5. The integrated charging and discharging battery box structure according to claim 1, characterized in that: The physical switch button (5) is connected to the light switch S1 via a built-in spring reset slider; the bottom of the spring reset slider is provided with a V-shaped groove, and the toggle lever of the light switch S1 is embedded in the V-shaped groove, so that the switch state is switched by a single press of the button.

6. The integrated charging and discharging battery box structure according to claim 1, characterized in that: The outer surface of the housing (1) is embedded with a dual-color LED indicator (10), whose pins are soldered to the circuit board of the charging and discharging control circuit (3); the light switching switch S1 is a dual-channel toggle switch, which controls the red / green power supply lines of the dual-color LED indicator (10) to display the charging / discharging status.

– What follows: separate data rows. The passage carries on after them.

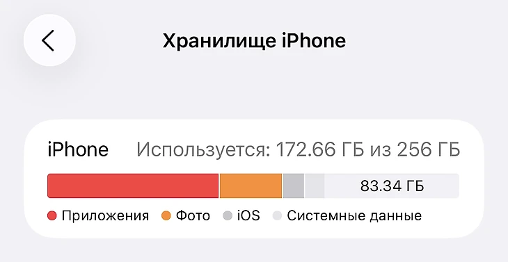 Перейдите в «Настройки», «Основные» и откройте «Хранилище iPhone». Убедитесь, что у вас есть 20 ГБ свободного места – их точно хватит с запасом. Если памяти недостаточно, удалите ненужные приложения, фото, видео или очистите кэш.
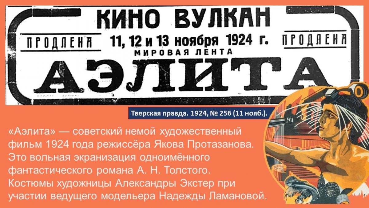 Первый советский фильм из жанра научной фантастики. В качестве литературной основы был взят опубликованный незадолго до того и пользовавшийся популярностью у читателя одноименный роман Алексея Толстого. Несколько расплывчатый идейно, роман строился на оригинальной фабуле (межпланетная экспедиция) и давал интересный и разнообразный материал для создания занимательного кинозрелища. В нём причудливо переплетались сочные бытовые сцены московской жизни первых лет НЭПа с фантастическими эпизодами - полетом на Марс, встречей "земного" инженера с правительницей Марса Аэлитой, попыткой восстания "пролетарской части" марсиан против своих угнетателей и его разгромом. Роман завершался благополучным возвращением межпланетной экспедиции на Землю. Костюмы – художницы Александры Экстер при участии ведущего модельера - Надежды Ламановой.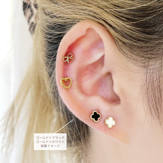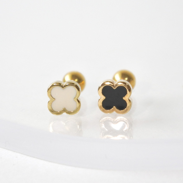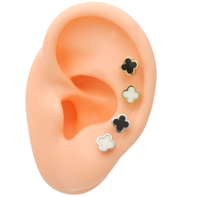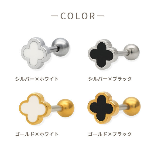 ◇Best11◇[14G 16G ]程よいサイズがかわいい♪ツヤっと輝くクローバー モチーフ ストレート 軟骨ピアス ヘリックス ボディピアス 1003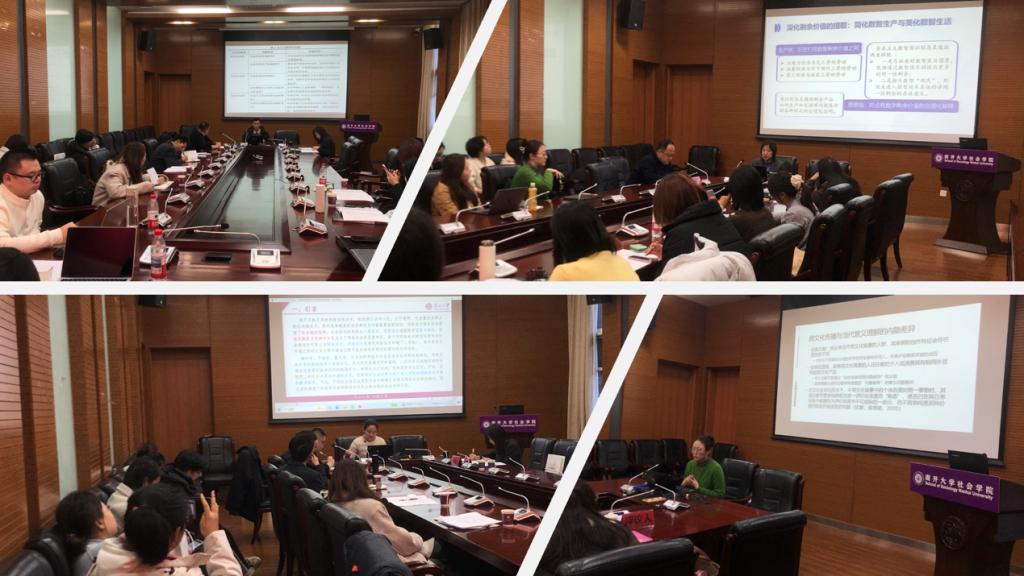 朱婷钰副教授、于佳煖博士,天津理工大学刘振副教授、硕士研究生庞淑睿、周晴、张怡、韩越,天津师范大学研究生董亚楠、张淑婷等,围绕人工智能伦理、生育意愿、贫困治理等议题展开研讨。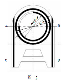 該閥體的閥座圈的外形尺寸較大,厚度 75.3mm,且中間圓孔較大,為準1200mm,總長度超過 2500mm,屬于典型的剛性較差、易變性工件。閥座圈基體材料為 ZG1Cr18Ni9Ti,環(huán)形密封面及導軌部位堆焊堆 802 硬質(zhì)合金,如圖 2 所示(涂黑部分為堆焊合金處)。以前一般按照以下工藝進行加工:先粗車上平面及環(huán)形堆焊槽,刨導軌堆焊槽,堆焊,除應力熱處理,校平,精車上下平面及環(huán)形密封面,刨導軌。 按此工藝進行經(jīng)常存在以下問題:堆焊后,座圈變形嚴重,A、B 兩部分上翹,特別是導軌尾部 C、D 兩部分上翹尤為嚴重,雖經(jīng)多次校平,但 A、B、C、D 相對應座圈背面的部分,常常加工余量不足。且加工至成品后,座圈導軌外側(cè)堆焊合金厚度不足,有時甚至沒有合金;由于該閥用于催化裂化裝置,其流通介質(zhì)為高溫、腐蝕性介質(zhì),由于合金的不足導致座圈性能大幅下降,嚴重影響其使用,閥門使用壽命縮短,甚至導致廢品的出現(xiàn)。

7. The integrated charging and discharging battery box structure according to claim 1, characterized in that: The charging base is equipped with an independent and isolated multi-channel DC-DC step-down module. The input of each module is connected in parallel to the power interface of the base, and the output is connected to the charging contacts of the corresponding slot. The feedback loop of each step-down module is connected to an independent current detection chip.

8. The integrated charging and discharging battery box structure according to claim 1, characterized in that: The bottom contour of the housing (1) is an asymmetrical polygon, and at least one corner is provided with a guide slope; the slot opening of the charging base has a concave-convex structure that perfectly matches the asymmetrical polygon, so that the battery box can only be inserted in one direction.